Caching in Flyte is as simple as setting `cache=True` in the task decorator and letting the backend handle the rest. Cradle can now run very large workflows and be confident that with caching, they can pick up where the computation left off after any failure. Additionally, caching enables the team to compose reference tasks, which allows collaboration and reuse of existing work across an organization. The team is able to leverage this feature to effectively decouple development and yet integrate with confidence powered by Flyte’s static typing system and leverage features like caching etc to dedupe executions across the organization,. This dramatically simplifies authoring workflows, reduces execution wall time, and improves the cost-effectiveness of the compute resources.
Flyte is also extremely flexible in defining dependencies with the ability to isolate dependencies and resources per task. Being able to capture bioinformatics requirements in this way, especially for non-Python tasks, is a huge plus.
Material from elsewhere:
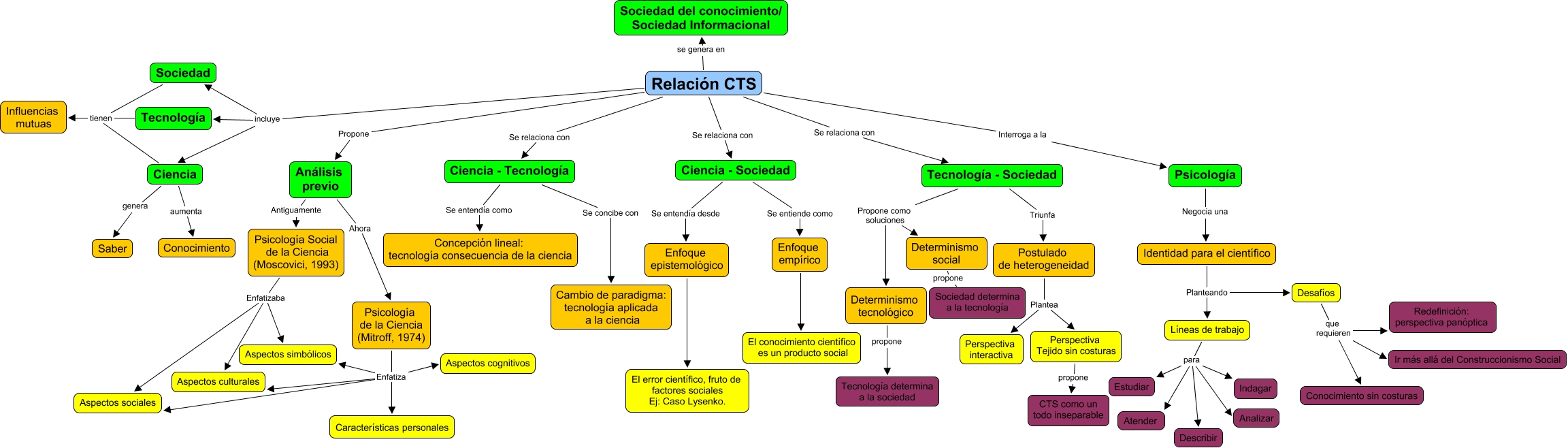 Este Cmap, tiene información relacionada con: MartínezDomgo_MardonesArin_mapa1, Tecnología - Sociedad Triunfa Postulado de heterogeneidad, Determinismo social propone Sociedad determina a la tecnología, Relación CTS incluye Ciencia, Perspectiva Tejido sin costuras propone CTS como un todo inseparable, Líneas de trabajo para Indagar, Identidad para el científico Planteando Desafíos, Relación CTS se genera en Sociedad del conocimiento/ Sociedad Informacional, Ciencia genera Saber, Psicología Social de la Ciencia (Moscovici, 1993) Enfatizaba Aspectos culturales, Desafíos que requieren Conocimiento sin costuras, Psicología de la Ciencia (Mitroff, 1974) Enfatiza Aspectos cognitivos, Enfoque empírico El conocimiento científico es un producto social, Relación CTS Interroga a la Psicología, Psicología Negocia una Identidad para el científico, Ciencia - Sociedad Se entendía desde Enfoque epistemológico, Tecnología - Sociedad Propone como soluciones Determinismo tecnológico, Ciencia - Tecnología Se concibe con Cambio de paradigma: tecnología aplicada a la ciencia, Análisis previo Ahora Psicología de la Ciencia (Mitroff, 1974), Psicología de la Ciencia (Mitroff, 1974) Enfatiza Características personales, Determinismo tecnológico propone Tecnología determina a la sociedad

Additionally, with Flyte, Cradle can meet its specialized compute requirements easily. By decorating the task with a PodTemplate, users can effectively map specific workloads to specific node types. In this case, the Cradle team defined a pod template for a task running a C++ tool performing a terabyte-scale in-memory scan. This task, whenever called from within any workflow, would always run on a specific high-memory node type, which would spin down to 0 in the absence of additional work. By taking advantage of Flyte’s granular task-level declarative infrastructure, the Cradle team can let the scheduler handle the behind-the-scenes resource assignments without babysitting expensive nodes.
They also found it valuable that Flyte enforces strong development practices. A key one is compile-time typing, which is critical to compile workflows and ensure the dataflow will proceed between tasks without issues. Some engineers at Cradle were not accustomed to type hinting their Python code. Since implementing Flyte, they find it strange not to use type hints - making for a much more deterministic execution.
“Flyte has helped us impose some discipline in how we do ML. It's really a huge win. What took us three days now takes our data scientists three hours.” — Daniel Danciu, CTO
Cradle also uses Flyte’s modularity to adapt it for some custom approaches in implementing additional best practices. For example, instead of importing tasks directly from different modules, the team has written a wrapper to check the import path and replace it with a reference task when possible. This leads to much faster build times from smaller Docker images. The benefits extend to fewer dependency/import conflicts and allows them to organize their repo flexibly.
Representing biological samples computationally has relied heavily on a local file system. This can become cumbersome, as with legacy orchestrators, especially in the biotech space. Pointing tools to directories and letting them infer filetypes based on extensions is a common pattern. Flyte abstracts away this overhead and is a key differentiator.
“Without Flyte, we couldn't have done what we've done so far with the people that we have. You need a workflow orchestration engine if you're going to do ML at our level, and Flyte is the best one.” — Eli Bixby, Co-Founder
Cradle has spent nearly 18 months with Flyte with no signs of slowing down. They’ve invested heavily in its out-of-box use and customization, from the developer experience to the cluster deployment story. The Cradle team believes that Flyte’s functionality and very responsive community have been instrumental in meeting their business and technical needs and that they simply couldn’t meet those without it. Flyte is the orchestration engine for companies like Cradle, which are pushing the boundaries of science and AI.